• Your task
Restate word for word the section of the entries that opens at the line containing "Foto: Natternwurzperlmutterfalter (Boloria" and closes at the line containing "The research investigates", both lines kept, pictures dropped.

··· The input

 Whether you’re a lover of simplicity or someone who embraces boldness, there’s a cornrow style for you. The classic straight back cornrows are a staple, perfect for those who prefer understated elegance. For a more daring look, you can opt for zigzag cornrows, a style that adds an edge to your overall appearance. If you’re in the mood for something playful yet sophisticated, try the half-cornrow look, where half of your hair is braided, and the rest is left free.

······
··· The input

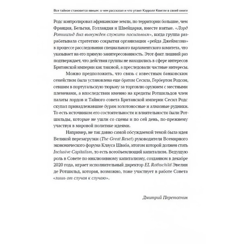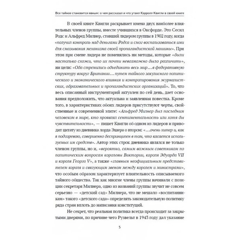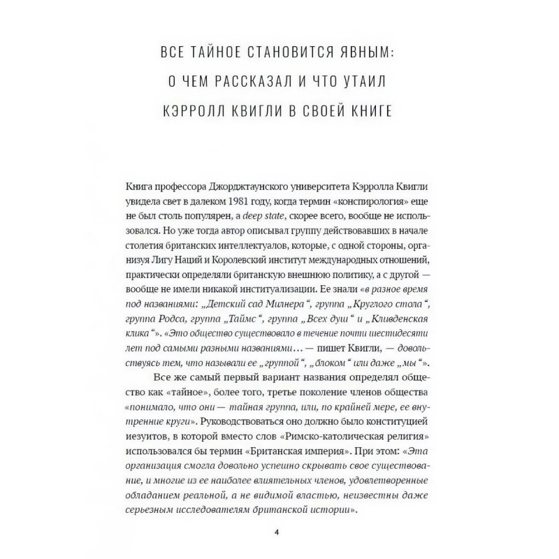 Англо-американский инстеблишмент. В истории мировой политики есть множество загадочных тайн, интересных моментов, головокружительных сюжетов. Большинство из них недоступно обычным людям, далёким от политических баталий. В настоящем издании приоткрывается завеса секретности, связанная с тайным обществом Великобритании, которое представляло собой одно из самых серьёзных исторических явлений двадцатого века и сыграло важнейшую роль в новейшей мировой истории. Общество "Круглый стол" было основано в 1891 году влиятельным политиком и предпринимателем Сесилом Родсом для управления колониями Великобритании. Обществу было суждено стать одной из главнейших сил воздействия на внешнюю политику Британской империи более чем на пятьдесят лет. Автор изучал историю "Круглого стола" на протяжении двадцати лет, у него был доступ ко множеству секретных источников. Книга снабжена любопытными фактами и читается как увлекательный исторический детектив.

······
··· The input

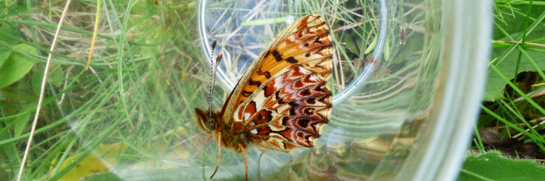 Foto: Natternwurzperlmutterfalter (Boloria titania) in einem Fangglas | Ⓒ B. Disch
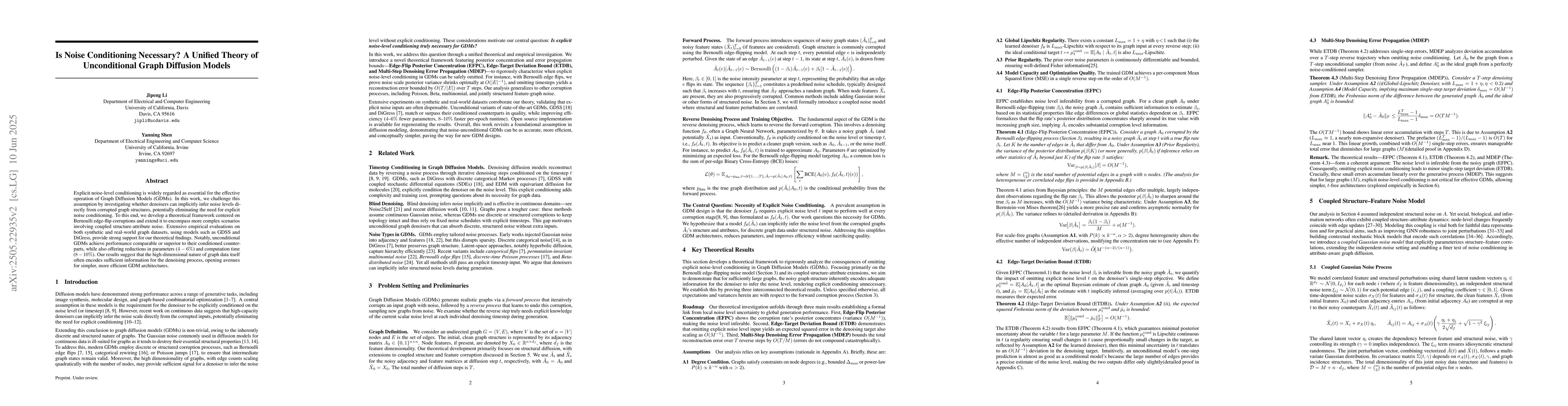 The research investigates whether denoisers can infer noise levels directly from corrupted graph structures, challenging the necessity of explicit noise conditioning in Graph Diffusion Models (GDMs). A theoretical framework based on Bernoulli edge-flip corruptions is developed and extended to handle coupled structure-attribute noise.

······

• Exercise solution
 Foto: Natternwurzperlmutterfalter (Boloria titania) in einem Fangglas | Ⓒ B. Disch
 The research investigates whether denoisers can infer noise levels directly from corrupted graph structures, challenging the necessity of explicit noise conditioning in Graph Diffusion Models (GDMs). A theoretical framework based on Bernoulli edge-flip corruptions is developed and extended to handle coupled structure-attribute noise.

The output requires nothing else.